→ Problem description
Copy the lines below word for word, skipping any image.

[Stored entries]
◆ ◆ ◆ ◆ ◆ ◆ ◆

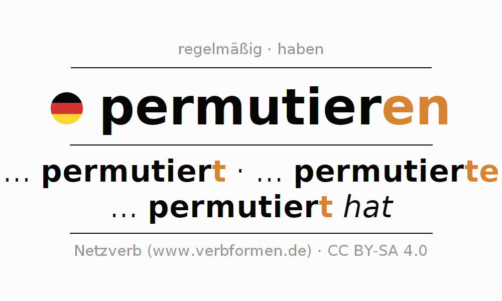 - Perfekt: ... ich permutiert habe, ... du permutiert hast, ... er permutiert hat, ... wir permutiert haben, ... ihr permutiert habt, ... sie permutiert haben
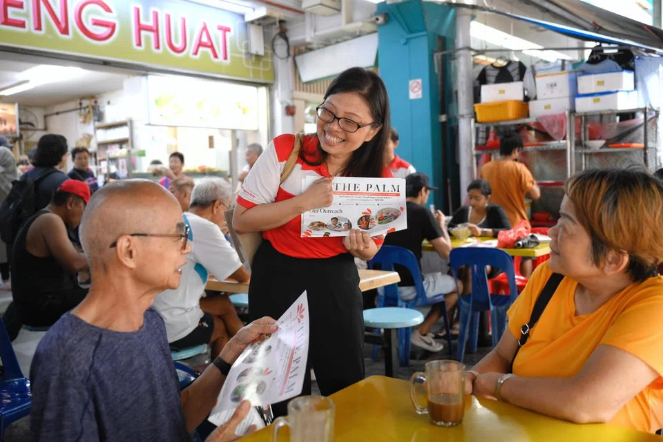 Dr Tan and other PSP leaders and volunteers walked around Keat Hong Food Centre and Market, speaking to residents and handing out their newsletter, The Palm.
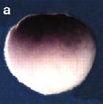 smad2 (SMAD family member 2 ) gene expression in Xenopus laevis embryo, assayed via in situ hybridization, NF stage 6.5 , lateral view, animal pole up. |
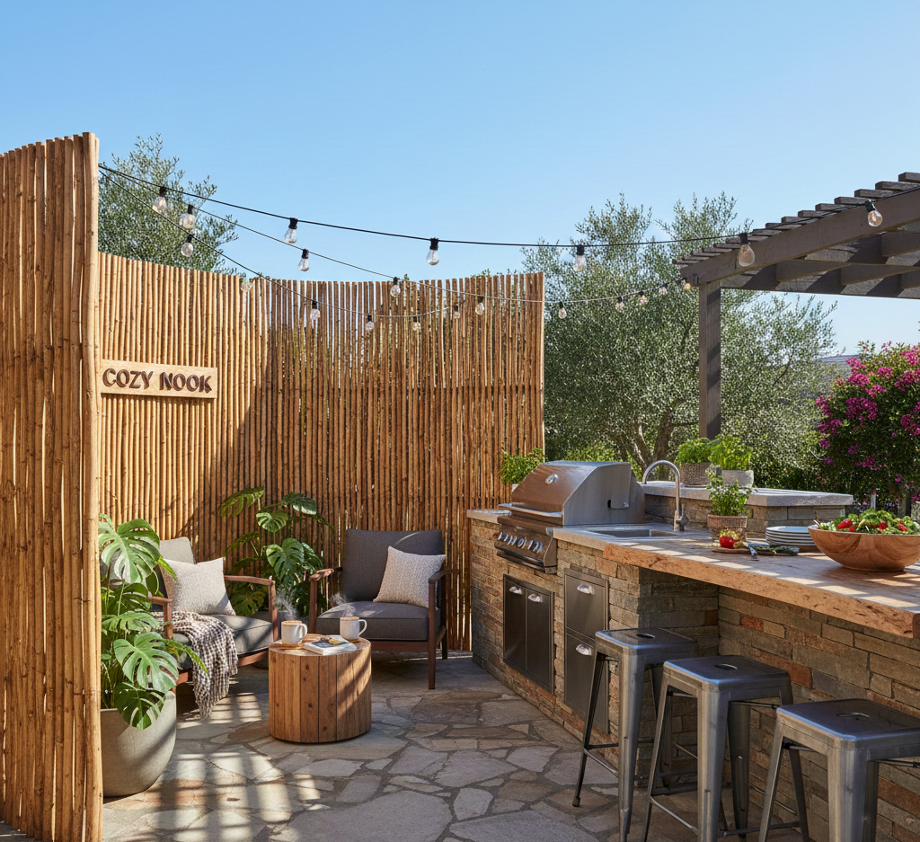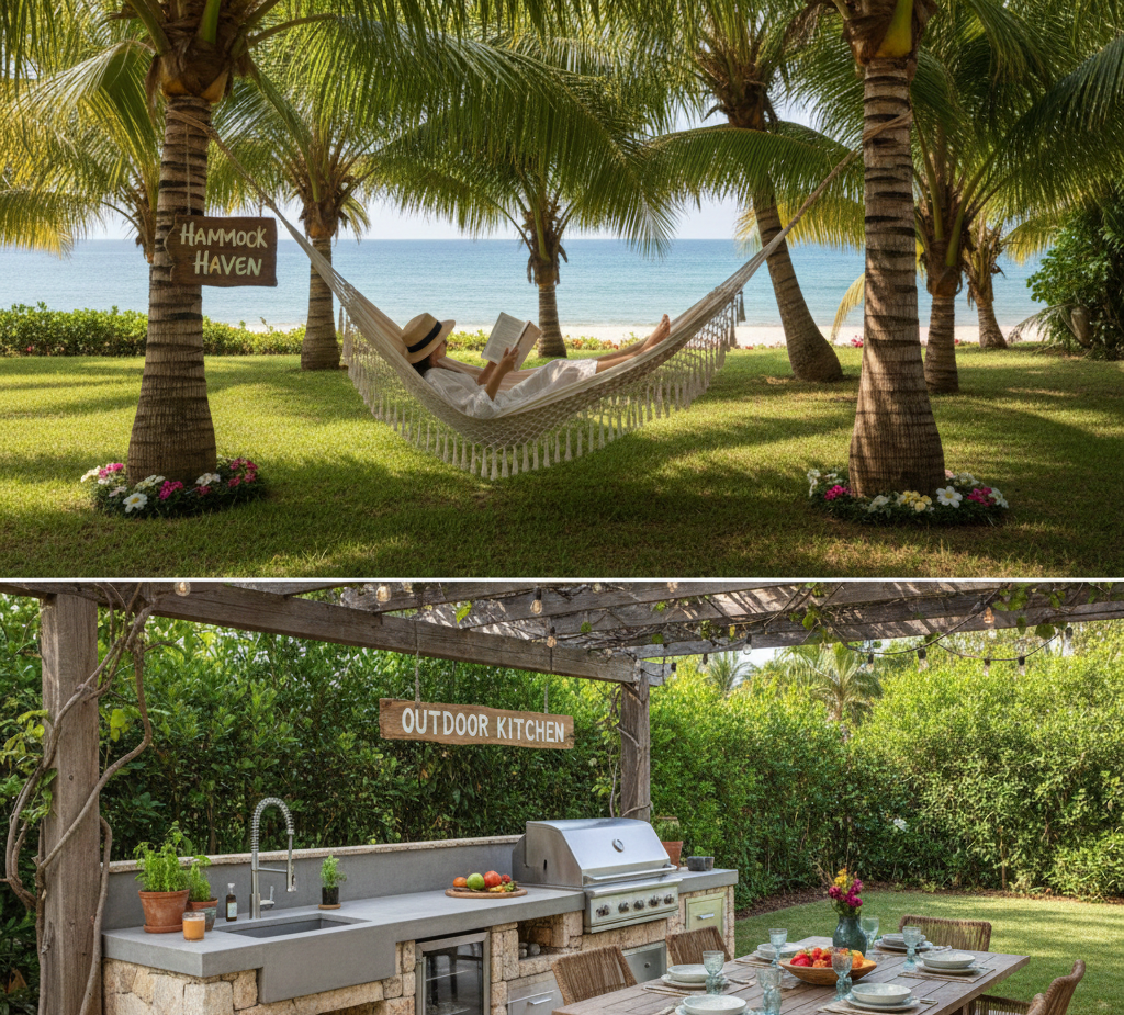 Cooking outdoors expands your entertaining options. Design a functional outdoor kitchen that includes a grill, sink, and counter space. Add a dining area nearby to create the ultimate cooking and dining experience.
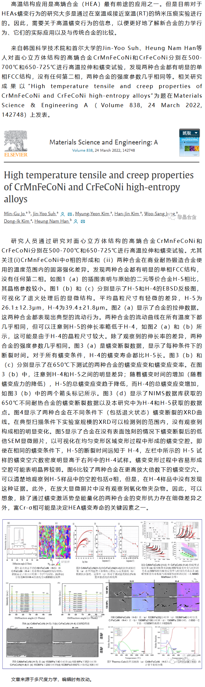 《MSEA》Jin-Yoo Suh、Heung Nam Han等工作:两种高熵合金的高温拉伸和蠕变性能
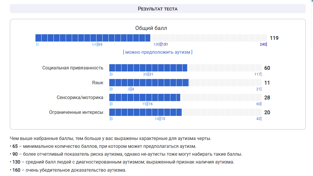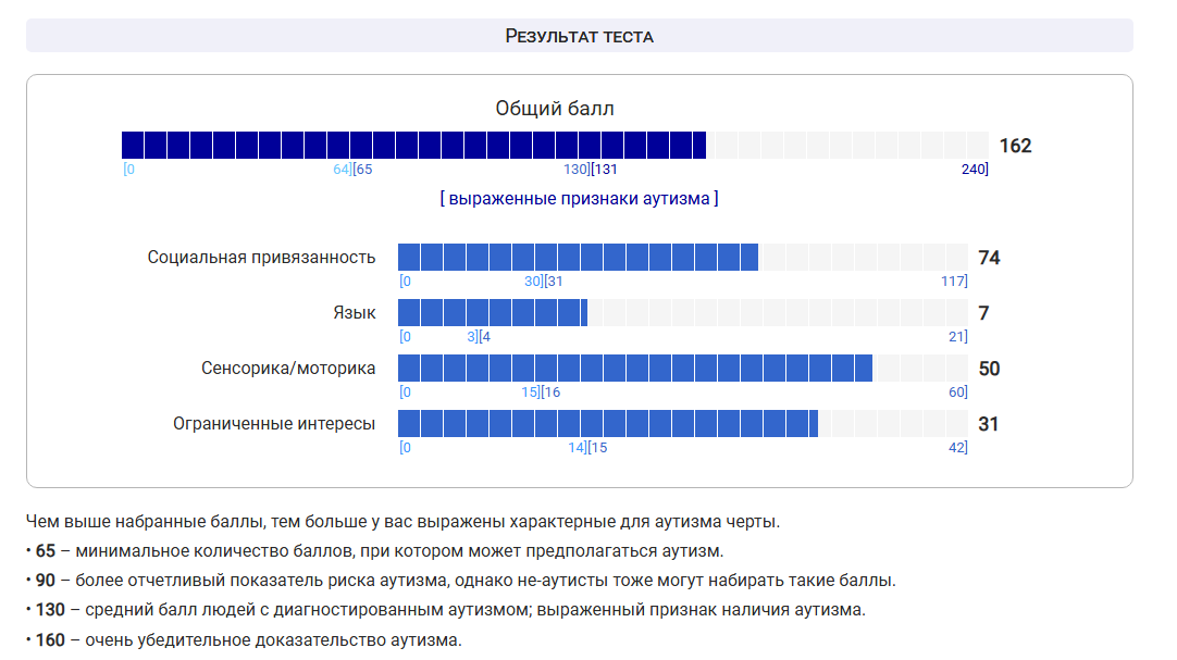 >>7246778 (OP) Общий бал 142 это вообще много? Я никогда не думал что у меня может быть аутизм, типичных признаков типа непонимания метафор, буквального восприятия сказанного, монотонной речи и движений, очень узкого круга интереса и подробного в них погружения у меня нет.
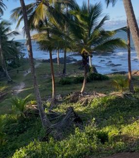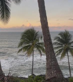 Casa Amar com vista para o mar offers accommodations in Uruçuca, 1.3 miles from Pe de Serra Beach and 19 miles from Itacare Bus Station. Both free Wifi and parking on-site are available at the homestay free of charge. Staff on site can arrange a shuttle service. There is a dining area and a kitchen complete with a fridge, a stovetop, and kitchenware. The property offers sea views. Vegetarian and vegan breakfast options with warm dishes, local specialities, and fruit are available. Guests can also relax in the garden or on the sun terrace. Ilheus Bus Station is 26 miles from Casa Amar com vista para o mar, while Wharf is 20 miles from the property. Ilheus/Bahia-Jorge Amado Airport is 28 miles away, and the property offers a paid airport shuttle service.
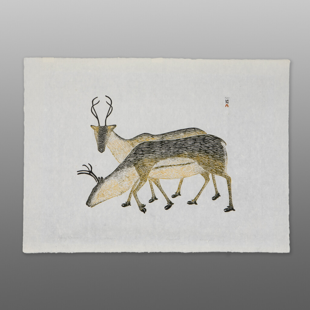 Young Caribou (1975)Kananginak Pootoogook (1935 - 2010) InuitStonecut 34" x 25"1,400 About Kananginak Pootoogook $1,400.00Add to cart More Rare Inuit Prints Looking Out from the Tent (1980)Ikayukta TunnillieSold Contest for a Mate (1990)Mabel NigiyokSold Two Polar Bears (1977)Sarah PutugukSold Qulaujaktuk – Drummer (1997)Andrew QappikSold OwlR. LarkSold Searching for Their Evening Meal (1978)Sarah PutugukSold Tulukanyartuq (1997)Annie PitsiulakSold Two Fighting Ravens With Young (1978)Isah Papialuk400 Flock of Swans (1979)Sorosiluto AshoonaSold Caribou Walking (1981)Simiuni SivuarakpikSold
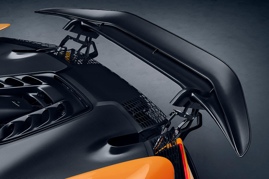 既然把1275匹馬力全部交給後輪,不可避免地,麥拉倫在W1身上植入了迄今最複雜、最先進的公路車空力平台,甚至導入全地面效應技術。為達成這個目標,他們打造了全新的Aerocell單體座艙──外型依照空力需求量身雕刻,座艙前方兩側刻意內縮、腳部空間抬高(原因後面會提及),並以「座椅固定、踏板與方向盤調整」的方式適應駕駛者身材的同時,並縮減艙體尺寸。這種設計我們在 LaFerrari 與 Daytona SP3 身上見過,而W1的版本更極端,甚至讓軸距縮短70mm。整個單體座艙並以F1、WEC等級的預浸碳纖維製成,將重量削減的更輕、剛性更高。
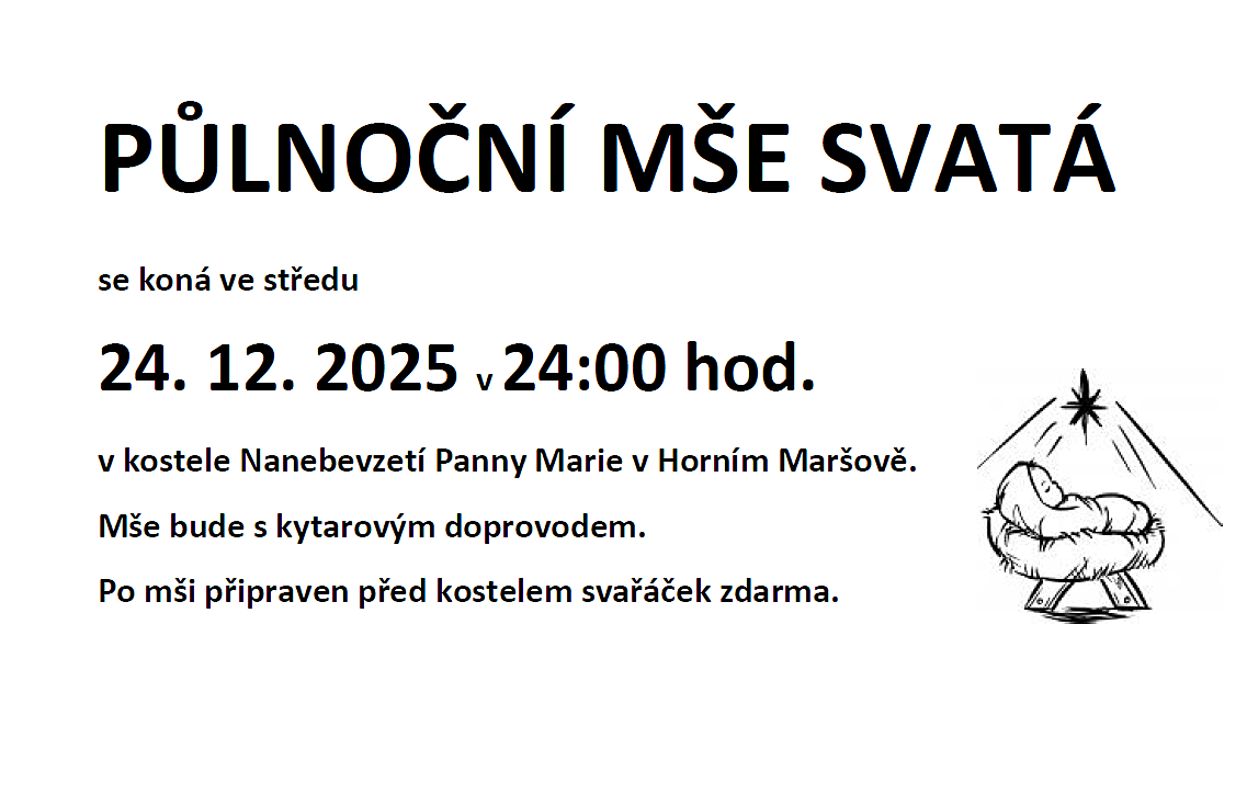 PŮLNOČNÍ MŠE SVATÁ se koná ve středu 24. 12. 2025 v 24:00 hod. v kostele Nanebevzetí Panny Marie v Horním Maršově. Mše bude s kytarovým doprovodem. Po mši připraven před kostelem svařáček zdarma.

◆ ◆ ◆ ◆ ◆ ◆ ◆

→ Answer box
 - Perfekt: ... ich permutiert habe, ... du permutiert hast, ... er permutiert hat, ... wir permutiert haben, ... ihr permutiert habt, ... sie permutiert haben
 Dr Tan and other PSP leaders and volunteers walked around Keat Hong Food Centre and Market, speaking to residents and handing out their newsletter, The Palm.
 smad2 (SMAD family member 2 ) gene expression in Xenopus laevis embryo, assayed via in situ hybridization, NF stage 6.5 , lateral view, animal pole up. |
 Cooking outdoors expands your entertaining options. Design a functional outdoor kitchen that includes a grill, sink, and counter space. Add a dining area nearby to create the ultimate cooking and dining experience.
 《MSEA》Jin-Yoo Suh、Heung Nam Han等工作:两种高熵合金的高温拉伸和蠕变性能
 >>7246778 (OP) Общий бал 142 это вообще много? Я никогда не думал что у меня может быть аутизм, типичных признаков типа непонимания метафор, буквального восприятия сказанного, монотонной речи и движений, очень узкого круга интереса и подробного в них погружения у меня нет.
 Casa Amar com vista para o mar offers accommodations in Uruçuca, 1.3 miles from Pe de Serra Beach and 19 miles from Itacare Bus Station. Both free Wifi and parking on-site are available at the homestay free of charge. Staff on site can arrange a shuttle service. There is a dining area and a kitchen complete with a fridge, a stovetop, and kitchenware. The property offers sea views. Vegetarian and vegan breakfast options with warm dishes, local specialities, and fruit are available. Guests can also relax in the garden or on the sun terrace. Ilheus Bus Station is 26 miles from Casa Amar com vista para o mar, while Wharf is 20 miles from the property. Ilheus/Bahia-Jorge Amado Airport is 28 miles away, and the property offers a paid airport shuttle service.
 Young Caribou (1975)Kananginak Pootoogook (1935 - 2010) InuitStonecut 34" x 25"1,400 About Kananginak Pootoogook $1,400.00Add to cart More Rare Inuit Prints Looking Out from the Tent (1980)Ikayukta TunnillieSold Contest for a Mate (1990)Mabel NigiyokSold Two Polar Bears (1977)Sarah PutugukSold Qulaujaktuk – Drummer (1997)Andrew QappikSold OwlR. LarkSold Searching for Their Evening Meal (1978)Sarah PutugukSold Tulukanyartuq (1997)Annie PitsiulakSold Two Fighting Ravens With Young (1978)Isah Papialuk400 Flock of Swans (1979)Sorosiluto AshoonaSold Caribou Walking (1981)Simiuni SivuarakpikSold
 既然把1275匹馬力全部交給後輪,不可避免地,麥拉倫在W1身上植入了迄今最複雜、最先進的公路車空力平台,甚至導入全地面效應技術。為達成這個目標,他們打造了全新的Aerocell單體座艙──外型依照空力需求量身雕刻,座艙前方兩側刻意內縮、腳部空間抬高(原因後面會提及),並以「座椅固定、踏板與方向盤調整」的方式適應駕駛者身材的同時,並縮減艙體尺寸。這種設計我們在 LaFerrari 與 Daytona SP3 身上見過,而W1的版本更極端,甚至讓軸距縮短70mm。整個單體座艙並以F1、WEC等級的預浸碳纖維製成,將重量削減的更輕、剛性更高。
 PŮLNOČNÍ MŠE SVATÁ se koná ve středu 24. 12. 2025 v 24:00 hod. v kostele Nanebevzetí Panny Marie v Horním Maršově. Mše bude s kytarovým doprovodem. Po mši připraven před kostelem svařáček zdarma.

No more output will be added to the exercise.